What is required — Give the records again. Keep them exact and leave out the images.

[Recorded data]
════════

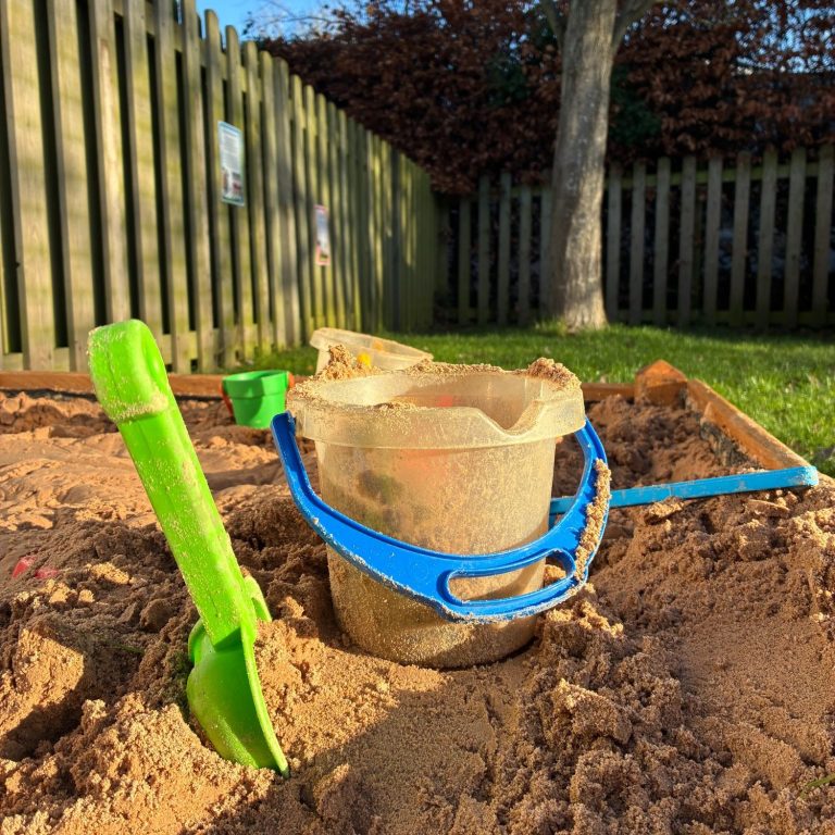 Our outdoor area is open throughout the session, offering a range of engaging toys such as cars, bikes, a sandpit, and a mud kitchen.
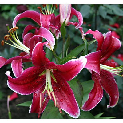 Лилия Кисспруф относится к виду Восточных гибридов. Цветки диаметром 20 см, пурпурный, глянцевый, белая кайма, тычинки оранжевые, темный крап. Зацветает в июне-июле. Имеет сильный аромат. Высота растения 100 см. Время посадки осенью - август-сентябрь или весной - в мае. Глубина посадки - 15-20 см. Расстояние между луковицами - 25-35 см. Расположение для посадки - открытые и затенённые места. Растение требует укрытия в первый год. Предпочитает нейтральную или слабокислую хорошо дренированную почву. Лилия Кисспруф устойчива к грибным заболеваниям, зимостойкая. Размножается луковичками - детками и луковичными чешуйками.
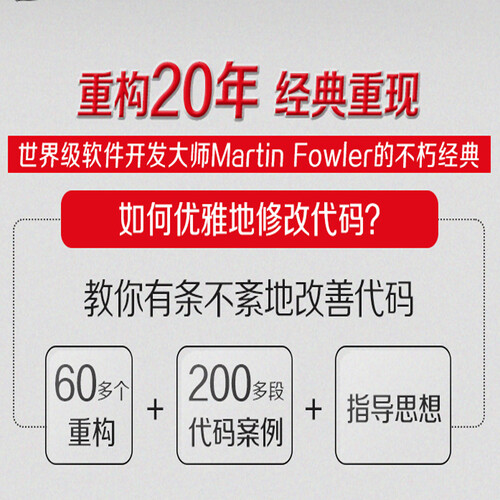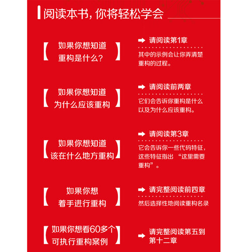 书中凝聚切实可行的60多个重构,旨在帮助开发人员一次一小步地修改代码,大大降低开发过程中的风险。
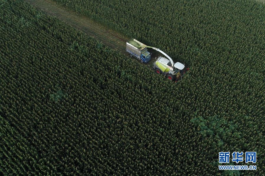 8月11日,灤南縣馬城鎮(zhèn)湛店子村的農民使用大型機械收獲青貯玉米(無人機照片)。近日,河北省灤南縣的12萬畝青貯玉米陸續(xù)開始收獲,為當地奶牛養(yǎng)殖提供新鮮優(yōu)質飼料。作為河北省奶牛養(yǎng)殖大縣,灤南縣近年來大力推廣奶牛青貯玉米喂養(yǎng)模式,引導農民種植青貯玉米,促進農民增收。新華社記者楊世堯攝
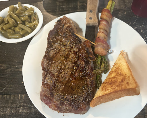 We did run into a few service hiccups. It felt like the kitchen was struggling to keep things flowing â food came out in pieces. The cheese fries had clearly been sitting for a bit and were cold when they reached our table. When our entrĂŠe came, the sides didnât arrive until afterward, which was a bit frustrating. The bacon-wrapped asparagus was a letdown â undercooked, oddly prepped, and not nearly enough of it.
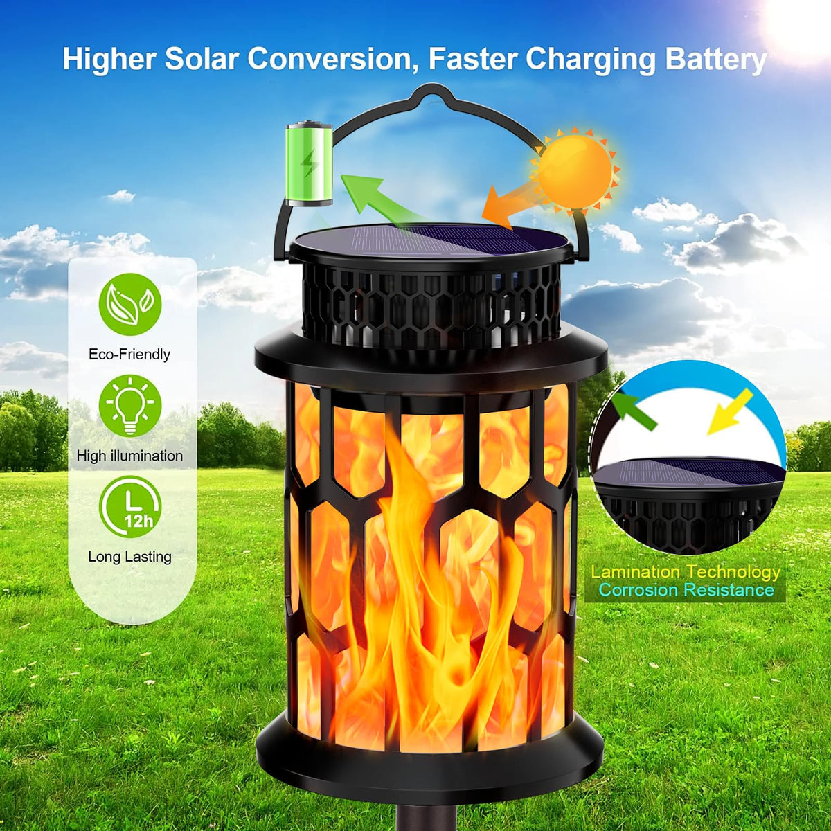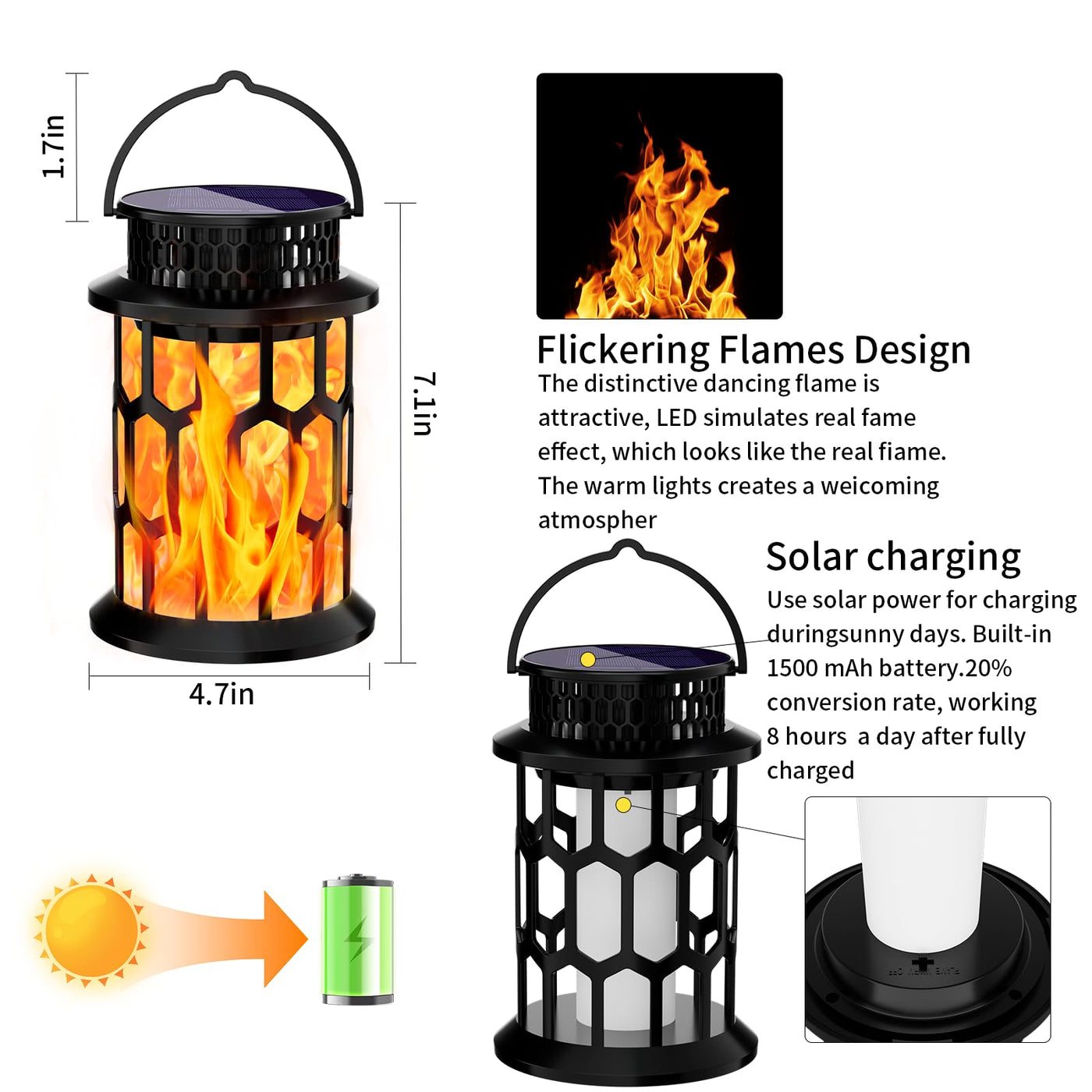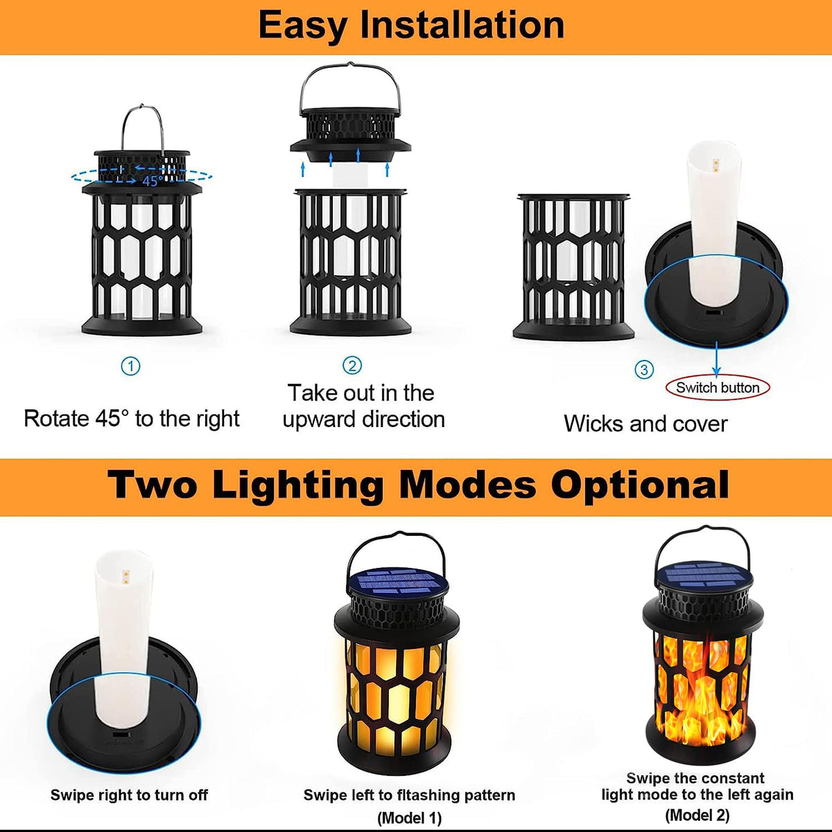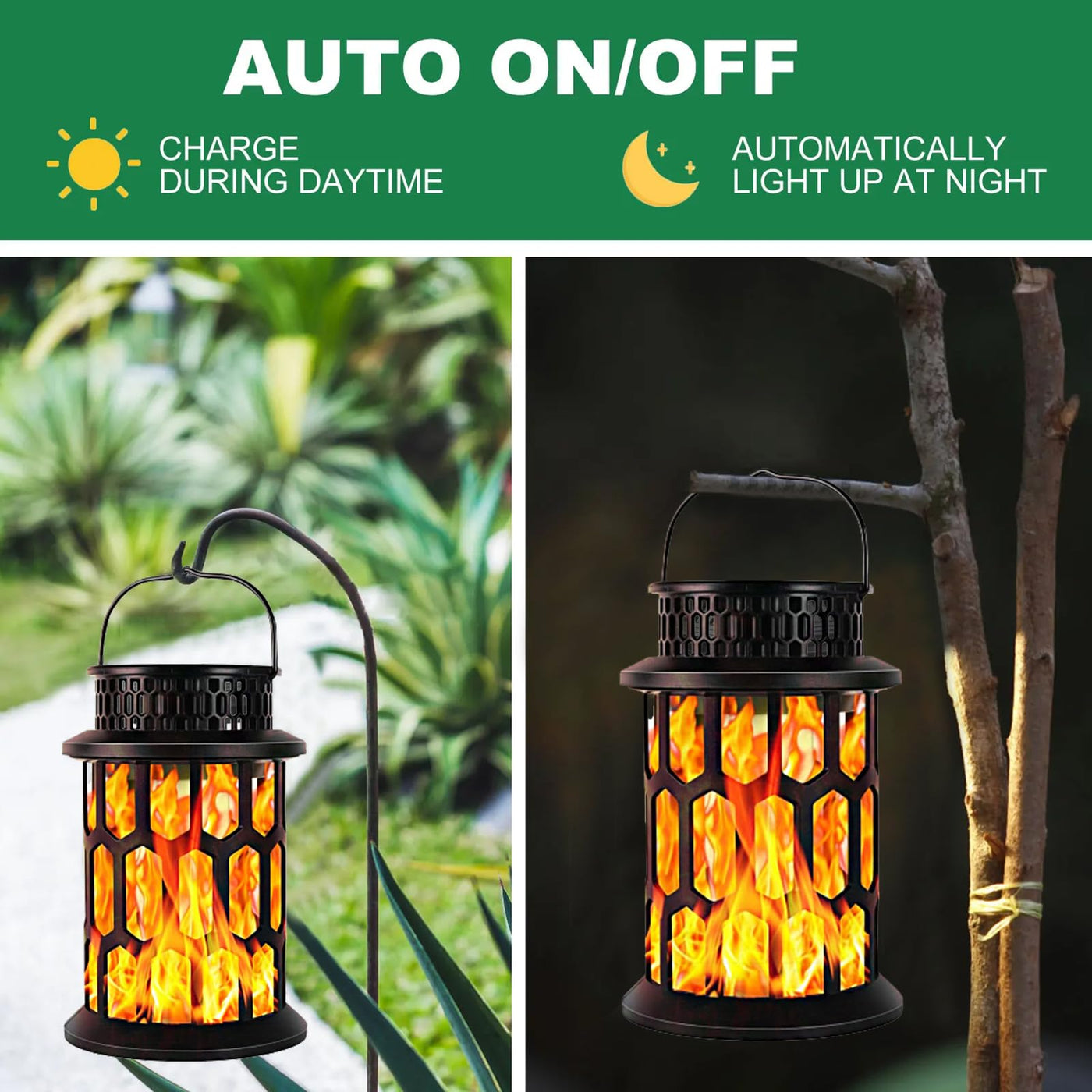 Donline Solar Lanterns Outdoor Waterproof, Flickering Flame Hanging Solar Lantern Camping Solar Powered Lights Decorative Lights For Christmas Decorations Home Garden Patio Deck Yard Path, 2 Pack
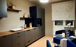 Просторная однокомнатная квартира.(42кв) Большая кухня-гостиная (20кв). Отдельная спальня, балкон, санузел совмещен.
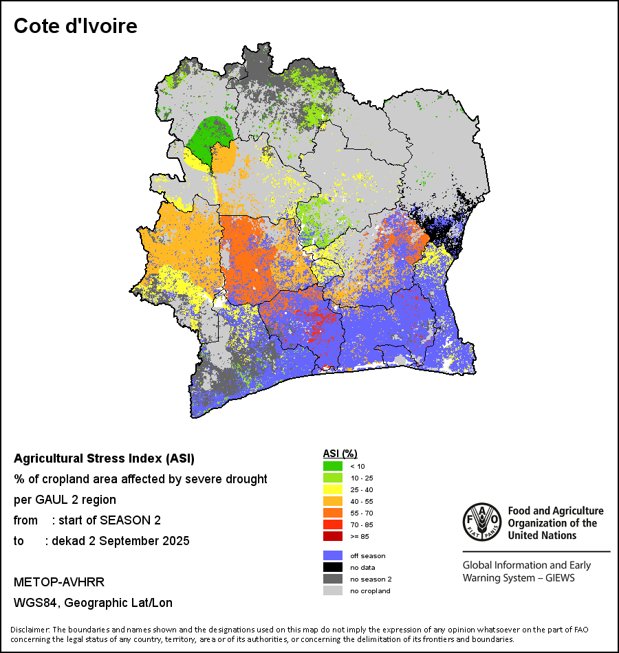 农业干旱胁迫指数(ASI)是一项速览指数,有助于在早期甄别较大可能发生水胁迫(干旱)的耕地。 该指数通过整合植被健康指数(VHI)在评估农业旱情方面具有关键意义的两个维度,即时间和空间维度,而得出。计算农业干旱胁迫指数的第一步是求植被健康指数的时间平均值,对作物周期内旱情的强度和时长进行像素级评估;这项计算包括采用作物系数衡量某种作物在各物候阶段对干旱胁迫的敏感度。第二步是确定旱情的空间广度,方法是计算植被健康指数值低于35%(Kogan前期研究将这一数值确定为评估干旱程度的临界值,1995年)的耕地的像素百分比。然后把各个行政区域根据受影响面积的百分比进行划分,便于对结果进行快速解读。

════════

Exercise answer —
 Our outdoor area is open throughout the session, offering a range of engaging toys such as cars, bikes, a sandpit, and a mud kitchen.
 Лилия Кисспруф относится к виду Восточных гибридов. Цветки диаметром 20 см, пурпурный, глянцевый, белая кайма, тычинки оранжевые, темный крап. Зацветает в июне-июле. Имеет сильный аромат. Высота растения 100 см. Время посадки осенью - август-сентябрь или весной - в мае. Глубина посадки - 15-20 см. Расстояние между луковицами - 25-35 см. Расположение для посадки - открытые и затенённые места. Растение требует укрытия в первый год. Предпочитает нейтральную или слабокислую хорошо дренированную почву. Лилия Кисспруф устойчива к грибным заболеваниям, зимостойкая. Размножается луковичками - детками и луковичными чешуйками.
 书中凝聚切实可行的60多个重构,旨在帮助开发人员一次一小步地修改代码,大大降低开发过程中的风险。
 8月11日,灤南縣馬城鎮(zhèn)湛店子村的農民使用大型機械收獲青貯玉米(無人機照片)。近日,河北省灤南縣的12萬畝青貯玉米陸續(xù)開始收獲,為當地奶牛養(yǎng)殖提供新鮮優(yōu)質飼料。作為河北省奶牛養(yǎng)殖大縣,灤南縣近年來大力推廣奶牛青貯玉米喂養(yǎng)模式,引導農民種植青貯玉米,促進農民增收。新華社記者楊世堯攝
 We did run into a few service hiccups. It felt like the kitchen was struggling to keep things flowing â food came out in pieces. The cheese fries had clearly been sitting for a bit and were cold when they reached our table. When our entrĂŠe came, the sides didnât arrive until afterward, which was a bit frustrating. The bacon-wrapped asparagus was a letdown â undercooked, oddly prepped, and not nearly enough of it.
 Donline Solar Lanterns Outdoor Waterproof, Flickering Flame Hanging Solar Lantern Camping Solar Powered Lights Decorative Lights For Christmas Decorations Home Garden Patio Deck Yard Path, 2 Pack
 Просторная однокомнатная квартира.(42кв) Большая кухня-гостиная (20кв). Отдельная спальня, балкон, санузел совмещен.
 农业干旱胁迫指数(ASI)是一项速览指数,有助于在早期甄别较大可能发生水胁迫(干旱)的耕地。 该指数通过整合植被健康指数(VHI)在评估农业旱情方面具有关键意义的两个维度,即时间和空间维度,而得出。计算农业干旱胁迫指数的第一步是求植被健康指数的时间平均值,对作物周期内旱情的强度和时长进行像素级评估;这项计算包括采用作物系数衡量某种作物在各物候阶段对干旱胁迫的敏感度。第二步是确定旱情的空间广度,方法是计算植被健康指数值低于35%(Kogan前期研究将这一数值确定为评估干旱程度的临界值,1995年)的耕地的像素百分比。然后把各个行政区域根据受影响面积的百分比进行划分,便于对结果进行快速解读。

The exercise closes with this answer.